The eternal battle
Traffic planners are battling it out with conservationists once again. This time, the controversy involves a six-kilometre section of the Cairo-Aswan highway at Abydos. Nevine El-Aref reports
The Cairo-Aswan highway is one of the government's mega projects. Meant to strengthen domestic transportation routes as a way of promoting tourism and boosting trade between governorates, the project has run into controversial grounds, with three ministries -- construction and housing communities, agriculture and culture -- involved in a major debate over the highway's path. In a recent move meant to break the deadlock, President Hosni Mubarak has entrusted a ministerial committee headed by Prime Minster Atef Ebeid to reach a final solution to the problems in question as soon as possible.

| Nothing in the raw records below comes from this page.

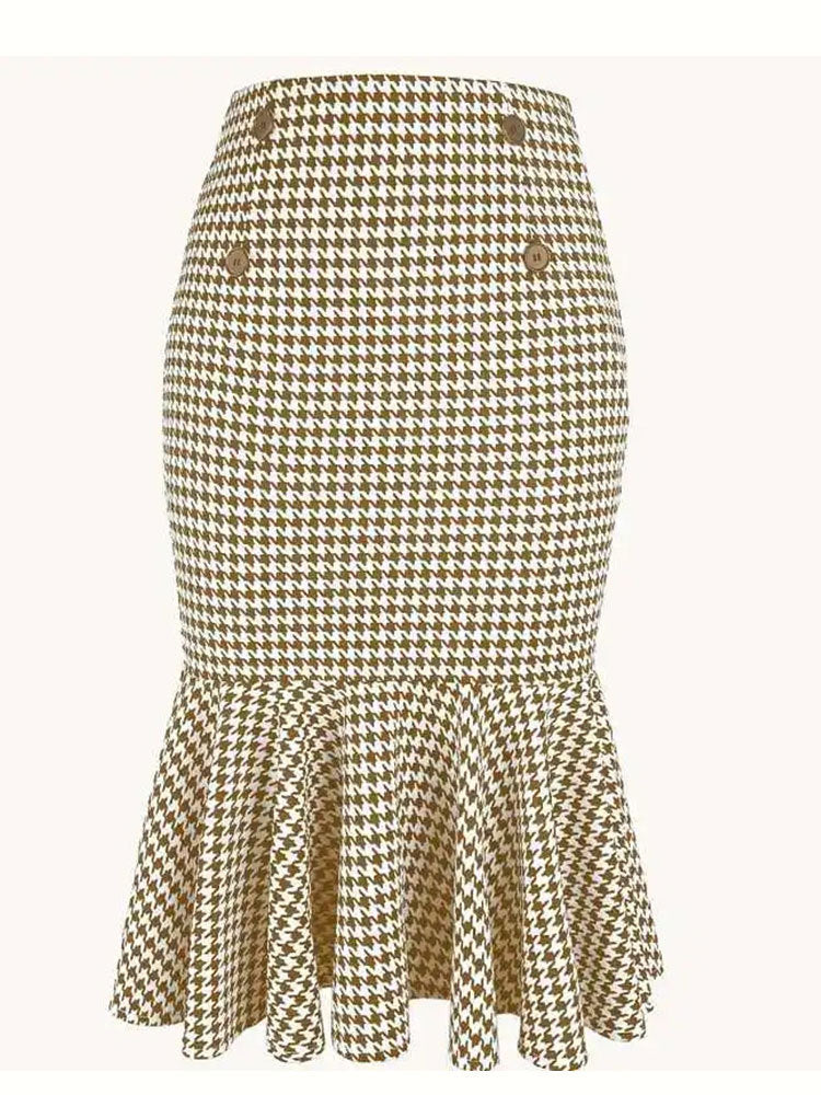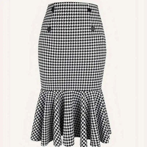 Kjolen har ett tidlöst kontrollmönster som kombinerar modernitet med klassisk elegans. Den feminina silhuetten och den rynkade designen gör att den framhäver din figur på ett vackert sätt.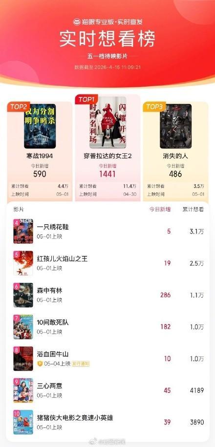 2026年五一档期,已有18部影片定档。《穿普拉达的女王2》在猫眼想看榜上表现突出,累计想看人数超过11.4万,位居榜首。紧随其后的是《寒战1994》和《消失的人》。这些电影中,你最期待哪一部?可以在评论区分享你的看法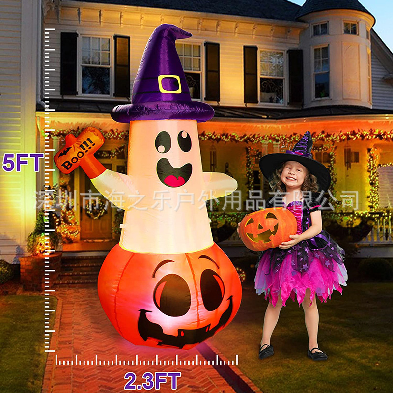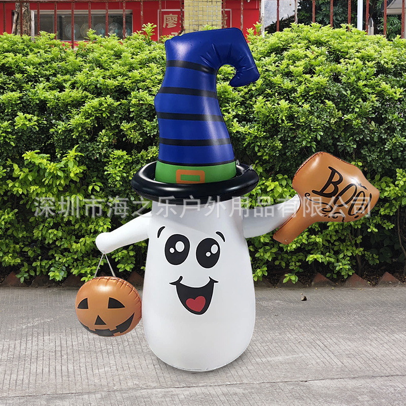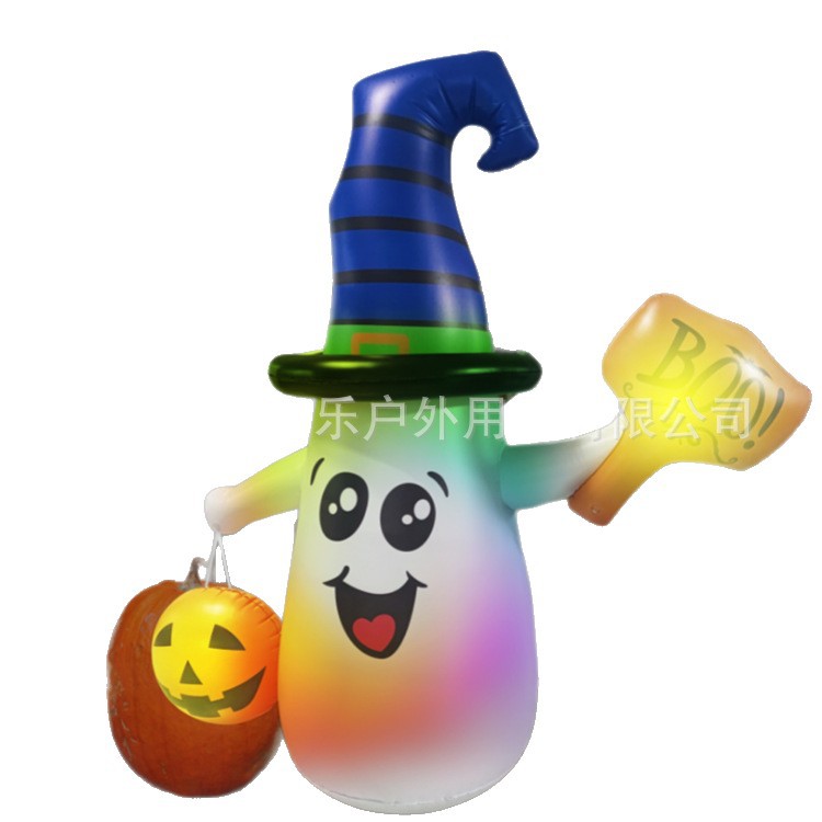 跨境新款PVC充气雪人南瓜白鬼便携式充气雪人装饰LED灯发光雪人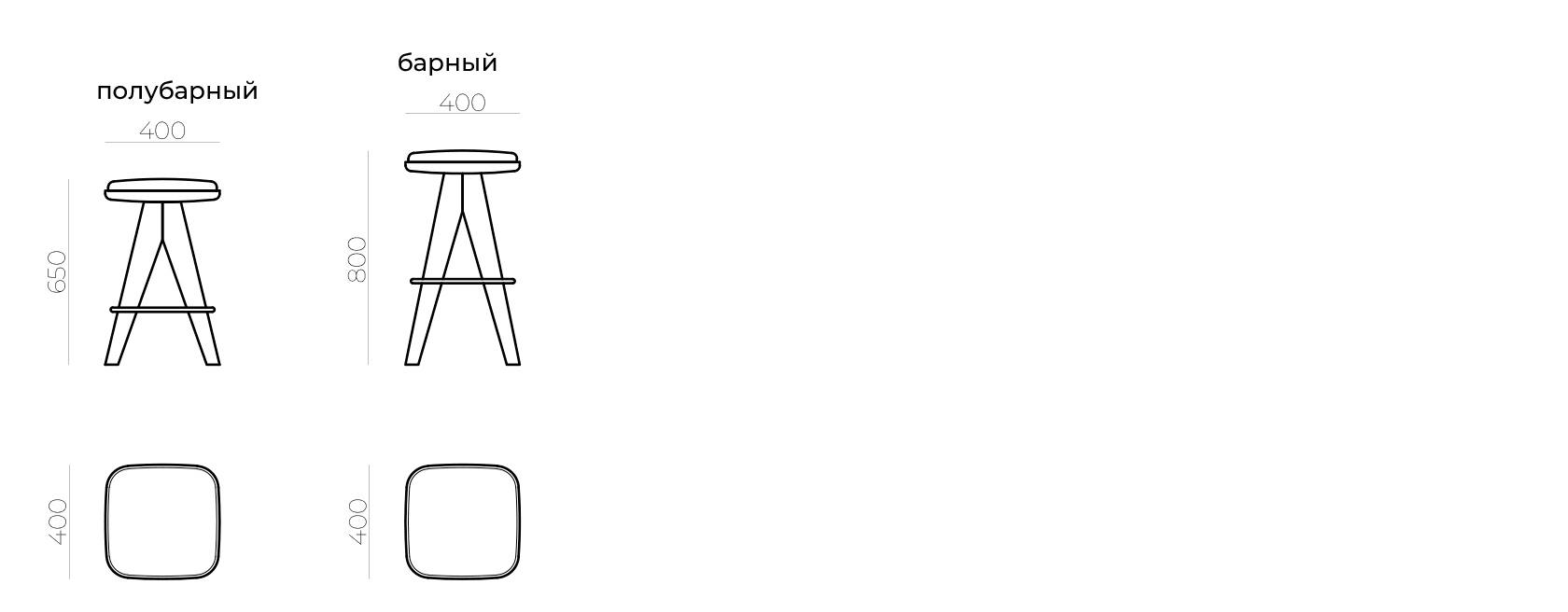 Габаритные размеры стула: 400x400 mm Высота посадки: 650/800 mm

The controversy was sparked when construction began on the section of the road linking Assiut to Aswan. Archaeologists from the Supreme Council of Antiquities (SCA) argued that the road would cause irrevocable damage to the major archaeological sites at Abydos, the primary pilgrimage destination for Ancient Egyptians through which it runs. According to Sabri Abdel-Aziz, who heads the SCA's Ancient Egypt department, the Temple of Osiris, the royal cemetery of the first and second dynasties, the ramp of Senusert III's chapel and his funerary complex, as well as the ramp of Ahmos's Pyramid, and the famous Seti I Temple with its list of Egypt's ancient kings and queens, would all be in danger of destruction.
As a result, two committees -- comprising representatives from the ministries of culture, construction and agriculture, as well as Sohag Governorate and transportation authorities, inspected the section of the road in question in an attempt to revise the route, and reach a compromise.
Four suggestions were made, two of which, says SCA engineer Abdel-Hamid Qutb who participated in the second committee, are useless. The first proposes detouring the route towards the agricultural land east of the archaeological site, thereby destroying 65 feddans of Sohag's most fertile land. The second would link the road via the desert behind the Abydos mountains at an additional cost of LE150 million.
The remaining two suggestions involve paving the area parallel to Al-Qasr canal, resulting in a 25-kilometre longer route that may end up necessitating the demolition of a number of rural houses, and, finally, an alternate route which goes through an agricultural area, as well as an archaeological zone which must first be excavated prior to construction.
Culture Minister Farouk Hosni said his ministry would not stand in the way of development projects meant to benefit the general public. However, he also said, the ministry was very serious about preventing the destruction of monuments. He said no new construction will be taking place until the newly-organised ministerial committee makes its final decision. For his part, SCA Secretary-General Zahi Hawass also suggested that the SCA was perfectly willing to help construct the proposed detours if that meant preserving Egypt's heritage.